Dans les bouges

où nous enivrions, il pleurait en considérant ceux qui nous entouraient, bétail de la misère. Il

relevait les ivrognes dans les rues noires. Il avait la pitié d'une mère méchante pour les petits

enfants. - Il s'en allait avec des gentillesses de petite fille au catéchisme. - Il feignait d'être éclairé

sur tout, commerce, art, médecine. - Je le suivais, il le faut!

"Je voyais tout le décor dont, en esprit, il s'entourait; vêtements, draps, meubles: je lui prêtais des

armes, une autre figure. Je voyais tout ce qui le touchait, comme il aurait voulu le créer pour lui.

Quand il me semblait avoir l'esprit inerte, je le suivais, moi, dans des actions étranges et

compliquées, loin, bonnes ou mauvaises: j'étais sûre de ne jamais entrer dans son monde. A côté de

son cher corps endormi, que d'heures des nuits j'ai veillé, cherchant pourquoi il voulait tant s'évader

de la réalité. Jamais l'homme n'eut pareil voeu. Je reconnaissais, - sans craindre pour lui, - qu'il

pouvait être un sérieux danger dans la société. - Il a peut-être des secrets pour changer la vie? Non,

il ne fait qu'en chercher, me répliquais-je. Enfin sa charité est ensorcelée, et j'en suis la prisonnière.

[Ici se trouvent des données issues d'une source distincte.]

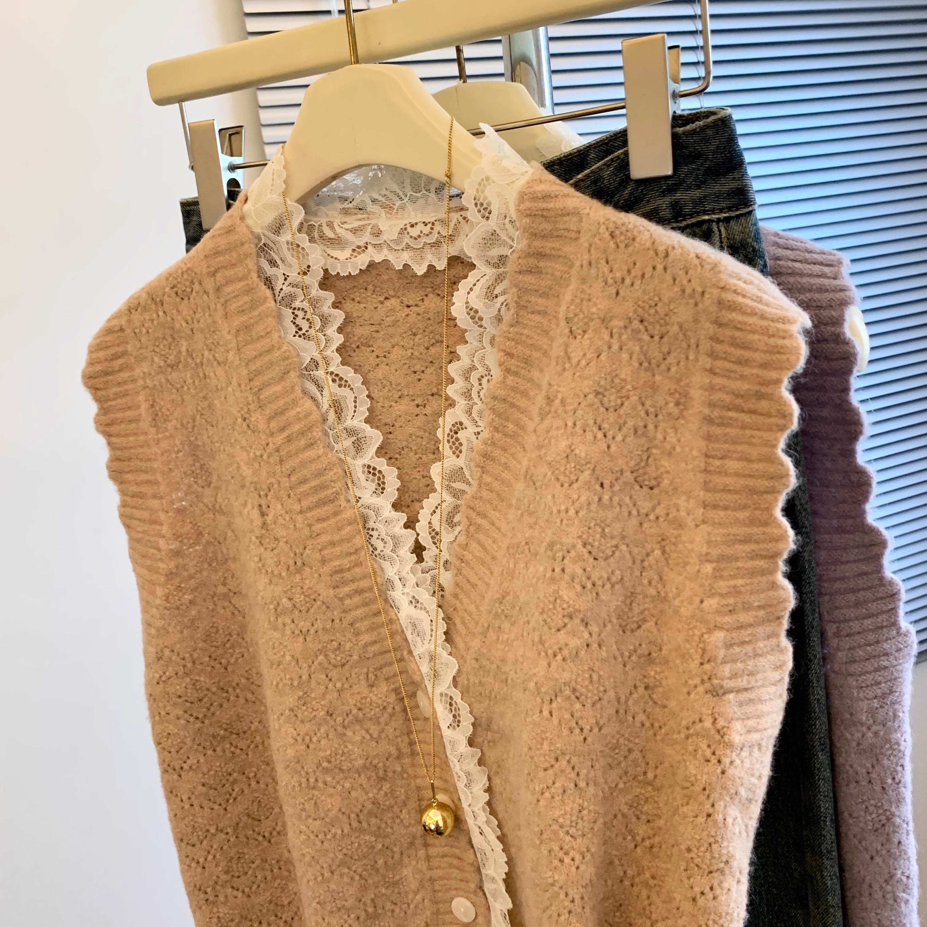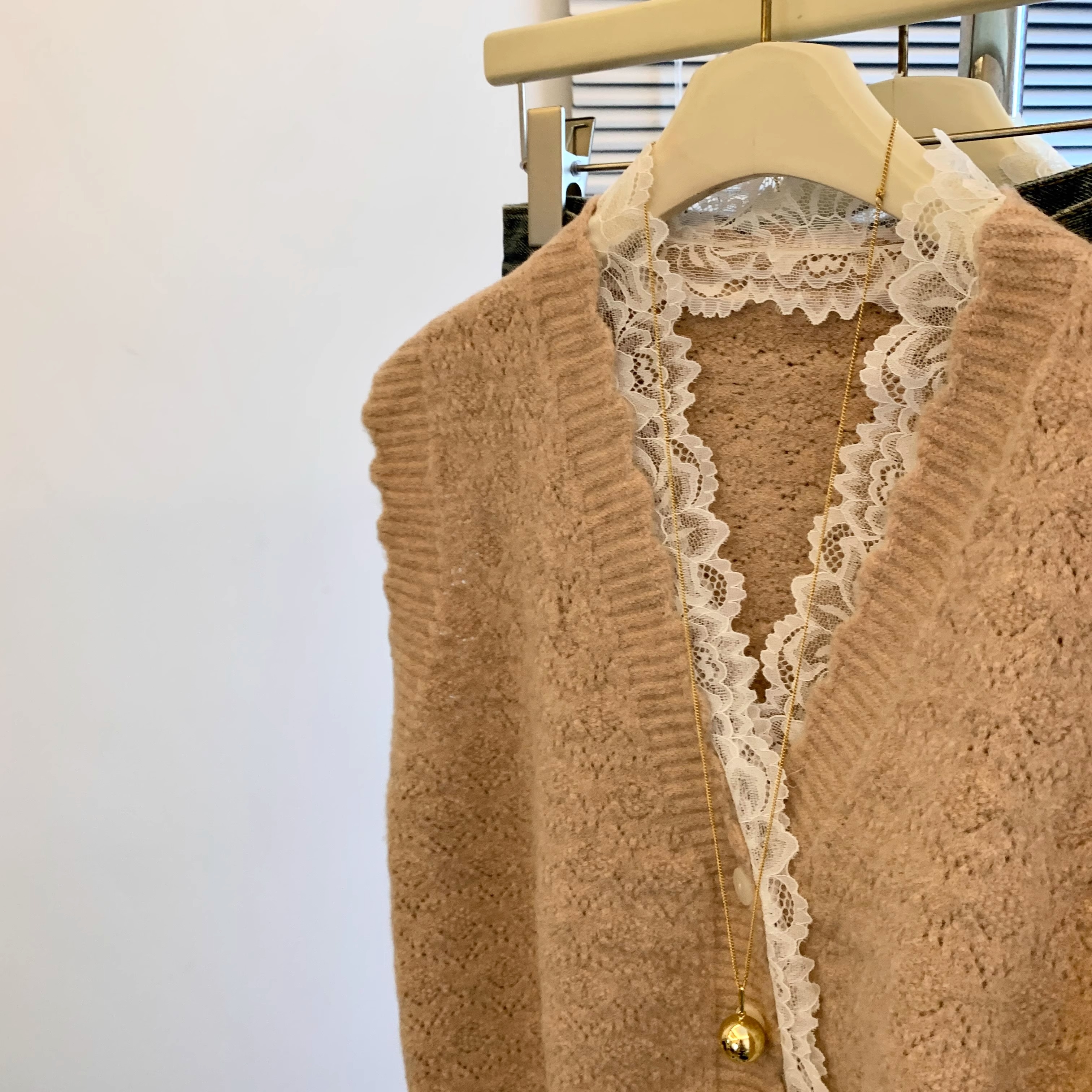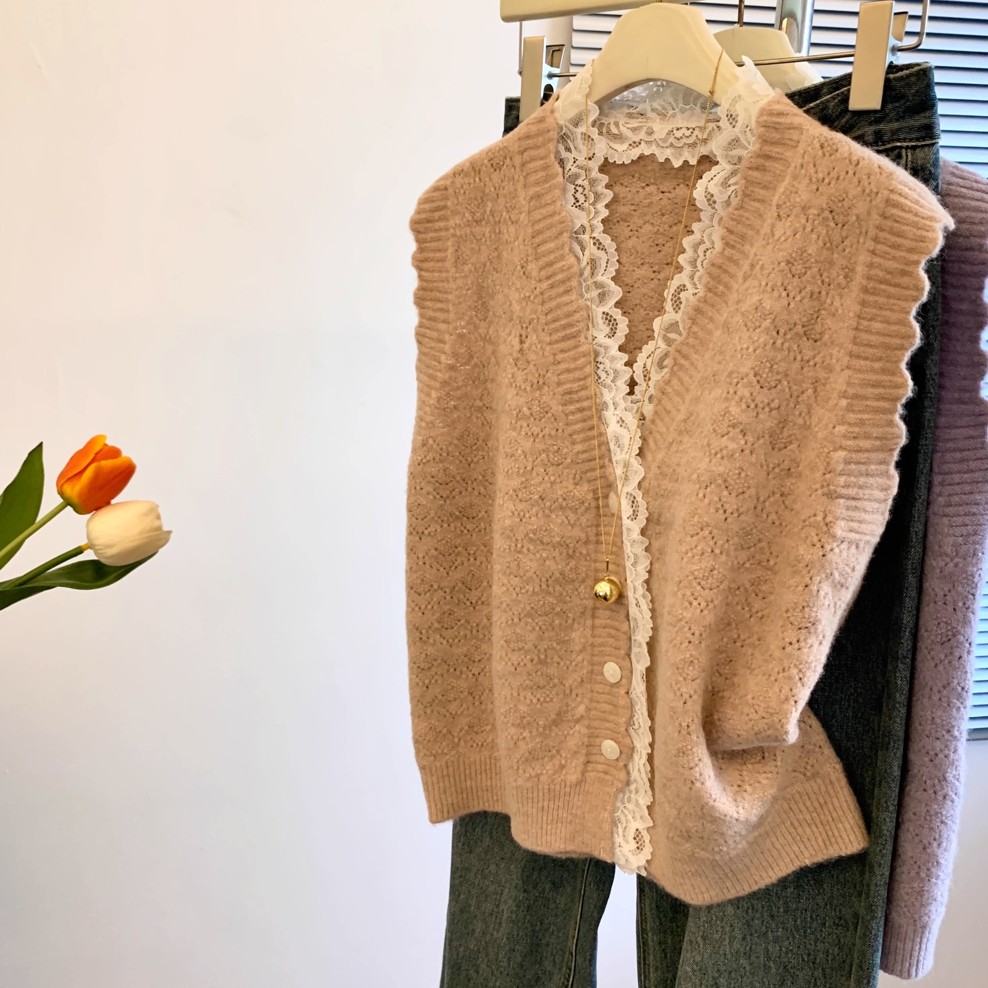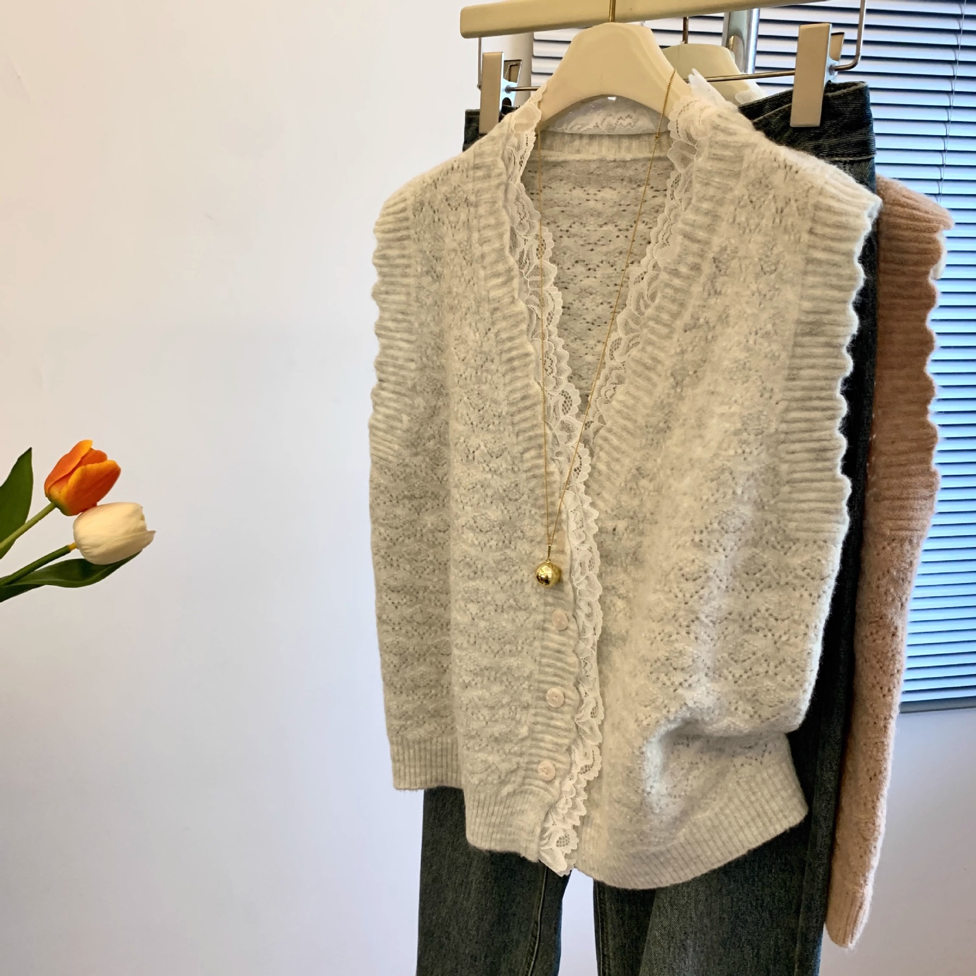 노란색 V 넥 레이스 스티칭 니트 조끼 여성 봄 2025 새로운 하이 엔드 카디건 양복 조끼 스웨터스토어 가기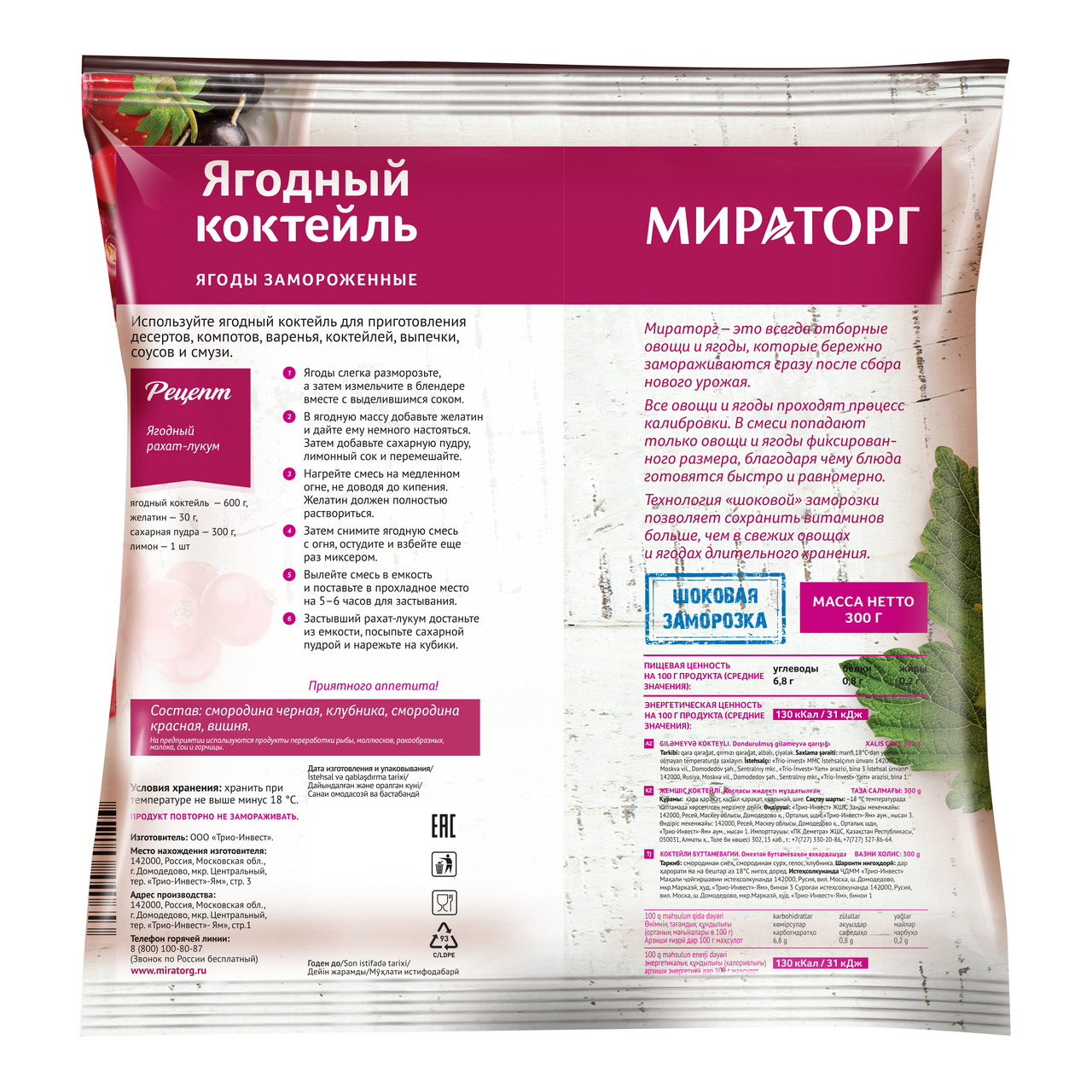 Ягодный микс из красной и черной смородины, вишни и клубники идеально подходит для приготовления компотов, начинки для пирогов и даже ягодного рахат-лукума, подробный рецепт которого, указан на упаковке. Ароматный ягодный коктейль, состоящий из черной и красной смородины, вишни и клубники, станет прекрасным витаминным лакомством и ярким ингредиентом для компотов, варенья, любой выпечки, ягодно-фруктовых соусов и смузи. Несомненным преимуществом быстрозамороженных ягод является то, что они, подвергаясь глубокой шоковой заморозке, на 95% сохраняют полезные свойства свежего продукта, просты в приготовлении и так же вкусны. При применении этой технологии не требуется никаких дополнительных, вредных для здоровья потребителя, химических добавок.

Aucune autre âme n'aurait assez de force, - force de désespoir! - pour la supporter, - pour être

protégée et aimée par lui. D'ailleurs, je ne me le figurais pas avec une autre âme: on voit son Ange,

jamais l'Ange d'un autre, - je crois. J'étais dans son âme comme dans un palais qu'on a vidé pour ne

pas voir une personne si peu noble que vous: voilà tout. Hélas! je dépendais bien de lui. Mais que

voulait-il avec mon existence terne et lâche? Il ne me rendait pas meilleure, s'il ne me faisait pas

mourir! Tristement dépitée, je lui dis quelquefois: "Je te comprends." Il haussait les épaules.

"Ainsi, mon chagrin se renouvelant sans cesse, et me trouvant plus égarée à mes yeux, - comme à

tous les yeux qui auraient voulu me fixer, si je n'eusse été condamnée pour jamais à l'oubli de tous!

- j'avais de plus en plus faim de sa bonté. Avec ses baisers et ses étreintes amies, c'était bien un ciel,

un sombre ciel, où j'entrais, et où j'aurais voulu être laissée, pauvre, sourde, muette, aveugle. Déjà

j'en prenais l'habitude. Je nous voyais comme deux bons enfants, libres de se promener dans le

Paradis de tristesse. Nous nous accordions. Bien émus, nous travaillions ensemble. Mais, après une

pénétrante caresse, il disait: "Comme ça te paraîtra drôle, quand je n'y serai plus, ce par quoi tu as

passé. Quand tu n'auras plus mes bras sous ton cou, ni mon coeur pour t'y reposer, ni cette bouche

sur tes yeux. Parce qu'il faudra que je m'en aille, très loin, un jour. Puis il faut que j'en aide d'autres:

c'est mon devoir. Quoique ce ne soit guère ragoûtant..., chère âme..." Tout de suite je me

pressentais, lui parti, en proie au vertige, précipitée dans l'ombre la plus affreuse: la mort. Je lui

faisais promettre qu'il ne me lâcherait pas. Il l'a faite vingt fois, cette promesse d'amant. C'était

aussi frivole que moi lui disant: "Je te comprends."

"Ah! je n'ai jamais été jalouse de lui. Il ne me quittera pas, je crois.